Assignment: In the entries below, find the string "that" and return each line holding it.

Given entries:
---

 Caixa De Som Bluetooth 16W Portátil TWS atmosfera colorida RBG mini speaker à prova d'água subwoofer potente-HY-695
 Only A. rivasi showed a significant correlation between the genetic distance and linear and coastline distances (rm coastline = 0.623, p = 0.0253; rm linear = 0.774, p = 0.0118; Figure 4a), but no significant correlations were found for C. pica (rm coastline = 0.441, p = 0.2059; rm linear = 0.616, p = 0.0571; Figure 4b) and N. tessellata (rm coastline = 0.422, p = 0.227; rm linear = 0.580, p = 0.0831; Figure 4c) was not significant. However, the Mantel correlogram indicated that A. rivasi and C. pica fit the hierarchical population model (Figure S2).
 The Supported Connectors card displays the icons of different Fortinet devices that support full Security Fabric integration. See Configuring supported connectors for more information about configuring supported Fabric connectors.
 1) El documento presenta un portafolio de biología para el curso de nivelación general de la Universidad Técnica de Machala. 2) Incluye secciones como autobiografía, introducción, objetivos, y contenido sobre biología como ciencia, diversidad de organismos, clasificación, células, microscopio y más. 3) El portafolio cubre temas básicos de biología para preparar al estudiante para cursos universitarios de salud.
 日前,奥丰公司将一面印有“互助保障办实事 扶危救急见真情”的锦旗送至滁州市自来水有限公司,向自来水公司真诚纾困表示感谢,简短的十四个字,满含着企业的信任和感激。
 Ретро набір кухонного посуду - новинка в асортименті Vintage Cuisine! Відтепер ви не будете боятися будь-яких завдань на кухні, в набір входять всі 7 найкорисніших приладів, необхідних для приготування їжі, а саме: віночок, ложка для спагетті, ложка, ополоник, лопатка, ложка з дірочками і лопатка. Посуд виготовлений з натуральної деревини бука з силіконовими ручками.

---

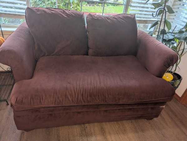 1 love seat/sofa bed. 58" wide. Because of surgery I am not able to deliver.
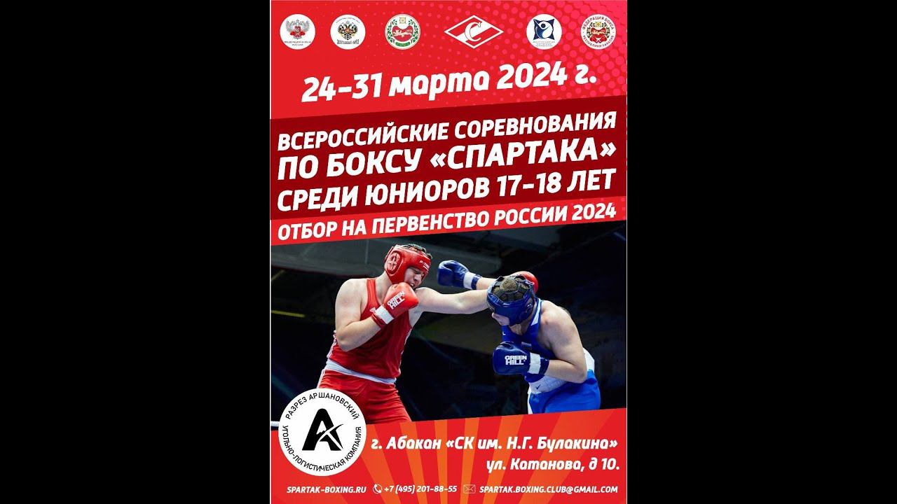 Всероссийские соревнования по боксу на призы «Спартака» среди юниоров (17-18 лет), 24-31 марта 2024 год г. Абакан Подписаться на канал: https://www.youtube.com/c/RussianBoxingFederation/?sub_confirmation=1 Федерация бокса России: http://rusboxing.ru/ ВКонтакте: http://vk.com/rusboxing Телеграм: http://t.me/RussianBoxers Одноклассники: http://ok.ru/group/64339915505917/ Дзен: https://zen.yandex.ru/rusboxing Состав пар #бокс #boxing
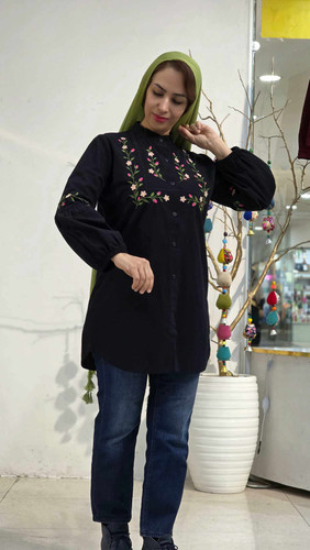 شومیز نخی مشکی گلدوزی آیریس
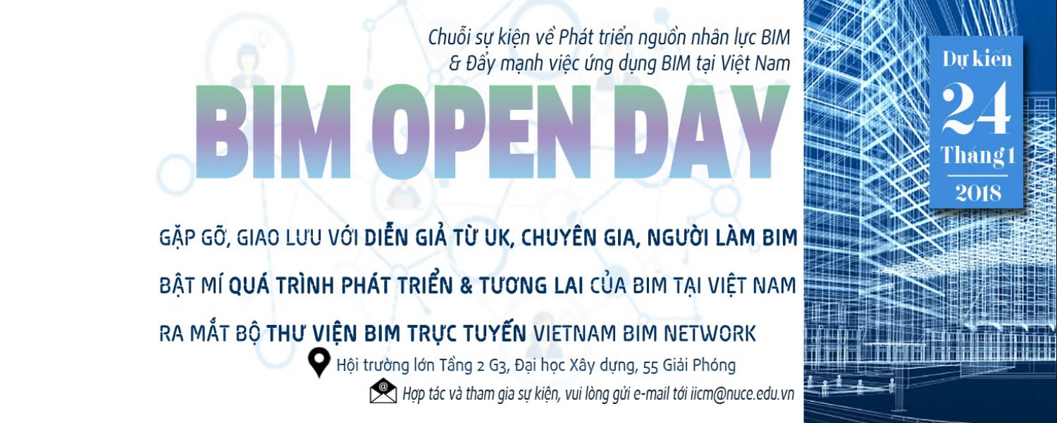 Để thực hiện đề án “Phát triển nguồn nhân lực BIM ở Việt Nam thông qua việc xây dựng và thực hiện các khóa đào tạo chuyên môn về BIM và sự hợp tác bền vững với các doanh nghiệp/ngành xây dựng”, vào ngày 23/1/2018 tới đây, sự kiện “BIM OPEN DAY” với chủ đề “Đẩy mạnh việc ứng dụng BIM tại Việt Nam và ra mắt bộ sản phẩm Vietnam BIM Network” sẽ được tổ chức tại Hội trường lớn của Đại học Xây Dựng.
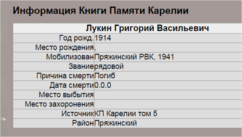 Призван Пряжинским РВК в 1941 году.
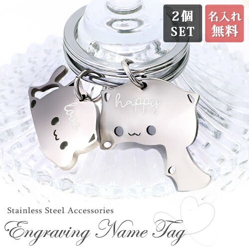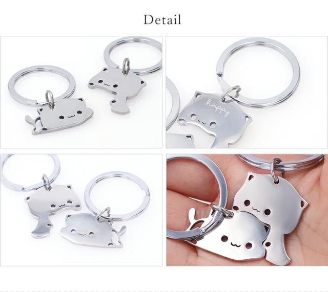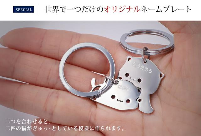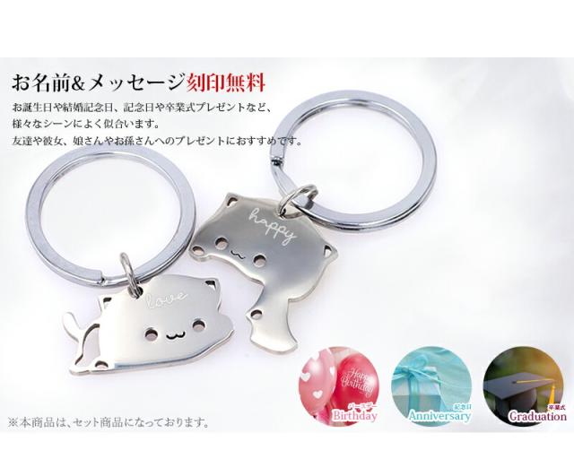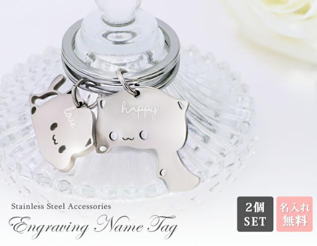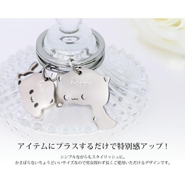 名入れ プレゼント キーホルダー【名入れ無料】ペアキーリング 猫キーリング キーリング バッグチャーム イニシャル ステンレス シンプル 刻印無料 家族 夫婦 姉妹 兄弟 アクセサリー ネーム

---

Answer section:
 Only A. rivasi showed a significant correlation between the genetic distance and linear and coastline distances (rm coastline = 0.623, p = 0.0253; rm linear = 0.774, p = 0.0118; Figure 4a), but no significant correlations were found for C. pica (rm coastline = 0.441, p = 0.2059; rm linear = 0.616, p = 0.0571; Figure 4b) and N. tessellata (rm coastline = 0.422, p = 0.227; rm linear = 0.580, p = 0.0831; Figure 4c) was not significant. However, the Mantel correlogram indicated that A. rivasi and C. pica fit the hierarchical population model (Figure S2).
 The Supported Connectors card displays the icons of different Fortinet devices that support full Security Fabric integration. See Configuring supported connectors for more information about configuring supported Fabric connectors.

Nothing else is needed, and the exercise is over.